## Task objective:
Reproduce the whole listing, keeping each word unchanged.

## Information shown:

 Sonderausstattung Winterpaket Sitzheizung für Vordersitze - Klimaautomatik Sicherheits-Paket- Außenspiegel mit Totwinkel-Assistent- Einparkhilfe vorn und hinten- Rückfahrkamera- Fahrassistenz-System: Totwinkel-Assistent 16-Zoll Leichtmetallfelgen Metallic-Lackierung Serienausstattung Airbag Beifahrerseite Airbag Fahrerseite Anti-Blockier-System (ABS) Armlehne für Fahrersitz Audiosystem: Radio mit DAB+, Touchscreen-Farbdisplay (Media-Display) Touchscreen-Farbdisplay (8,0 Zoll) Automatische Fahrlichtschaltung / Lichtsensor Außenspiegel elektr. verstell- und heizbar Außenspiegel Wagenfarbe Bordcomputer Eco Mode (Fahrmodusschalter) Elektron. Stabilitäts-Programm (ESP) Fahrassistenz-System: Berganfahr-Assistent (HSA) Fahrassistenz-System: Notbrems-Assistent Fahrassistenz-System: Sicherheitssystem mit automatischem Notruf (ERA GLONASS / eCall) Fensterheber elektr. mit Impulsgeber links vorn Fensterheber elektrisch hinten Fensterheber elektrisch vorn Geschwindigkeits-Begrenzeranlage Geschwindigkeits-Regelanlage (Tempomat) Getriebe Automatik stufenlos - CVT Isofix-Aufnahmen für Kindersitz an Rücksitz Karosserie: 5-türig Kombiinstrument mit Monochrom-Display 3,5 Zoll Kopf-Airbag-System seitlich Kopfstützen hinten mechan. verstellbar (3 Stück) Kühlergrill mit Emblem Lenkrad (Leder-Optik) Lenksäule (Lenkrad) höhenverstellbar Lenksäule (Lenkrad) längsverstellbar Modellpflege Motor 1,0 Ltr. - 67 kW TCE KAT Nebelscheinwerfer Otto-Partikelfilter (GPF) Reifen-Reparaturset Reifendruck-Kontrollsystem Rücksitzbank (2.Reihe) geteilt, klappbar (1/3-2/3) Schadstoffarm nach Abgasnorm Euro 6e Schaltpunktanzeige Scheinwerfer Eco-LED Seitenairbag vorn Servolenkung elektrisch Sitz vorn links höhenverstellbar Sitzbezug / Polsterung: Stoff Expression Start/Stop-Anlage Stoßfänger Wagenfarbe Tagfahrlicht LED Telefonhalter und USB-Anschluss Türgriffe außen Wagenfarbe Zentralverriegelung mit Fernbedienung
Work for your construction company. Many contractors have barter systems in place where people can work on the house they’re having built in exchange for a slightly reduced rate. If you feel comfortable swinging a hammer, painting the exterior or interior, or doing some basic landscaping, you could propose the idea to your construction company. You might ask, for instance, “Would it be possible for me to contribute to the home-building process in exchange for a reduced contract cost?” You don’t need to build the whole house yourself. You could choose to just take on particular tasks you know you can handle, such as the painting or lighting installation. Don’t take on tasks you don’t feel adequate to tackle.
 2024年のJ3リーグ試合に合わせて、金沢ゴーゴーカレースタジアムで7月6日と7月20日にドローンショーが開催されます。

## Written answer:
 Sonderausstattung Winterpaket Sitzheizung für Vordersitze - Klimaautomatik Sicherheits-Paket- Außenspiegel mit Totwinkel-Assistent- Einparkhilfe vorn und hinten- Rückfahrkamera- Fahrassistenz-System: Totwinkel-Assistent 16-Zoll Leichtmetallfelgen Metallic-Lackierung Serienausstattung Airbag Beifahrerseite Airbag Fahrerseite Anti-Blockier-System (ABS) Armlehne für Fahrersitz Audiosystem: Radio mit DAB+, Touchscreen-Farbdisplay (Media-Display) Touchscreen-Farbdisplay (8,0 Zoll) Automatische Fahrlichtschaltung / Lichtsensor Außenspiegel elektr. verstell- und heizbar Außenspiegel Wagenfarbe Bordcomputer Eco Mode (Fahrmodusschalter) Elektron. Stabilitäts-Programm (ESP) Fahrassistenz-System: Berganfahr-Assistent (HSA) Fahrassistenz-System: Notbrems-Assistent Fahrassistenz-System: Sicherheitssystem mit automatischem Notruf (ERA GLONASS / eCall) Fensterheber elektr. mit Impulsgeber links vorn Fensterheber elektrisch hinten Fensterheber elektrisch vorn Geschwindigkeits-Begrenzeranlage Geschwindigkeits-Regelanlage (Tempomat) Getriebe Automatik stufenlos - CVT Isofix-Aufnahmen für Kindersitz an Rücksitz Karosserie: 5-türig Kombiinstrument mit Monochrom-Display 3,5 Zoll Kopf-Airbag-System seitlich Kopfstützen hinten mechan. verstellbar (3 Stück) Kühlergrill mit Emblem Lenkrad (Leder-Optik) Lenksäule (Lenkrad) höhenverstellbar Lenksäule (Lenkrad) längsverstellbar Modellpflege Motor 1,0 Ltr. - 67 kW TCE KAT Nebelscheinwerfer Otto-Partikelfilter (GPF) Reifen-Reparaturset Reifendruck-Kontrollsystem Rücksitzbank (2.Reihe) geteilt, klappbar (1/3-2/3) Schadstoffarm nach Abgasnorm Euro 6e Schaltpunktanzeige Scheinwerfer Eco-LED Seitenairbag vorn Servolenkung elektrisch Sitz vorn links höhenverstellbar Sitzbezug / Polsterung: Stoff Expression Start/Stop-Anlage Stoßfänger Wagenfarbe Tagfahrlicht LED Telefonhalter und USB-Anschluss Türgriffe außen Wagenfarbe Zentralverriegelung mit Fernbedienung
Work for your construction company. Many contractors have barter systems in place where people can work on the house they’re having built in exchange for a slightly reduced rate. If you feel comfortable swinging a hammer, painting the exterior or interior, or doing some basic landscaping, you could propose the idea to your construction company. You might ask, for instance, “Would it be possible for me to contribute to the home-building process in exchange for a reduced contract cost?” You don’t need to build the whole house yourself. You could choose to just take on particular tasks you know you can handle, such as the painting or lighting installation. Don’t take on tasks you don’t feel adequate to tackle.
 2024年のJ3リーグ試合に合わせて、金沢ゴーゴーカレースタジアムで7月6日と7月20日にドローンショーが開催されます。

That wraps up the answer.